The observed difference in the average number of prenatal visits, -1.4687 , reflects a Z-score of -3.035 , and yields an extremely small p-value (.0024) under the hypothesis test.

This leads us to reject the null hypothesis, which stated that there is no difference between the number of prenatal hospital visits made by mothers of babies born with low birth weight vs. the number of visits made by mothers of babies who have a greater birth weight.

Instead we accept the alternative, which states that there is a significant difference between the number of prenatal hospital visits made by mothers of babies born with low birth weight vs. the number of visits made by mothers of babies who have a greater birth weight.

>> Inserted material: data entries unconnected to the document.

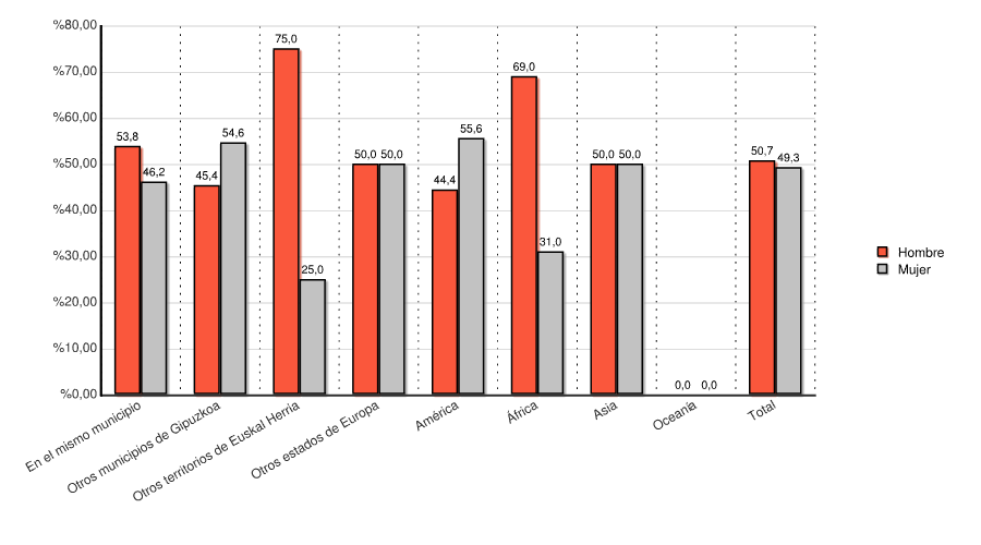 | Otros municipios de Gipuzkoa | 44 | 45,4 | 53 | 54,6 | 97 | 100,0 |
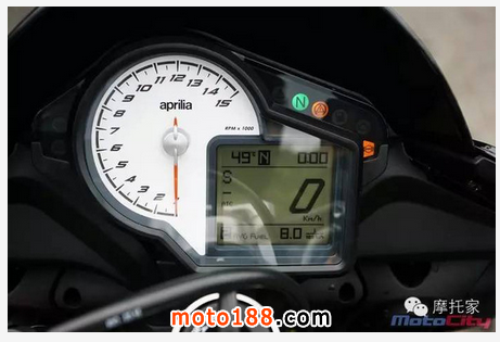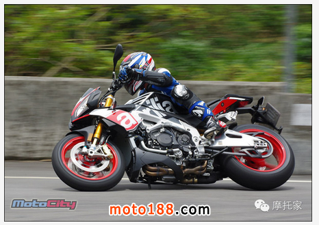 而跨上這部漂亮的Tuono V4 1100時無論是坐墊的柔軟寬敞度.與手把的高角度配置.還有人與車的三角定位 完全就是街車的輕鬆騎姿.接下來發動引擎.開始進入試乘。
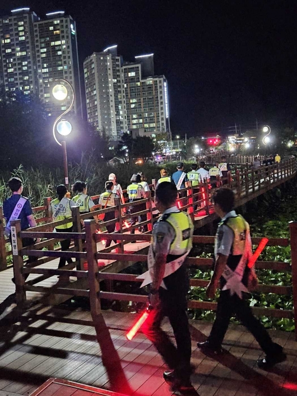 지난 6일 자율방범대원 30여명과 지역주민이 함께 들성지 생태공원 둘레길 범죄예방 합동순찰을 실시했다.

Check for 95% confidence interval of difference of means:

inference(y = nc$visits, x = nc$lowbirthweight, est = "mean", type = "ci", null = 0, 
          alternative = "twosided", method = "theoretical")
## Response variable: numerical, Explanatory variable: categorical
## Difference between two means
## Summary statistics:
## n_low = 108, mean_low = 10.7963, sd_low = 4.8506
## n_not low = 883, mean_not low = 12.265, sd_not low = 3.8036

## Observed difference between means (low-not low) = -1.4687
## 
## Standard error = 0.484 
## 95 % Confidence interval = ( -2.4173 , -0.5201 )

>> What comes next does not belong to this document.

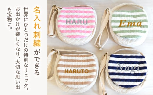 【グリーン×ブロンズ】【名入れ可能!】キルティング素材 ボーダー キッズ ショルダーバッグ【coco plus an factory】[OCR068]

With 95% confidence we infer that difference between the average number of prenatal hospital visits made by mothers of low-weight babies vs. the average number of prenatal hospital visits made by mothers of babies with greater birth weight falls in the range ( -2.4173 , -0.5201 ) .

Conclusion

We observe that mothers who give birth to low-weight babies (5.5lbs or less) make, on average, fewer pre-natal hospital visits than do mothers whose babies are born with greater weight.

Of course, this does not imply causation, i.e., we cannot infer that children are born with lower birth weight because their mothers did not make sufficient prenatal hospital visits.

Indeed, there are a number of confounding effects which can be observed from the above summary tables.

In particular, for low-weight babies, average length of the pregnancy was only 33.4 weeks, while the average length was 38.9 weeks for babies of normal weight. Additionally, the low-weight baby set includes a majority of the number of “premies”, i.e., prematurely-delivered infants. Although these variables were not rigorously examined here, the smaller number of prenatal hospital visits by the mother in the case of low-weight babies might be explained by the fact that such babies tend to arrive prematurely, which means there is a shorter time period over which such hospital visits could occur.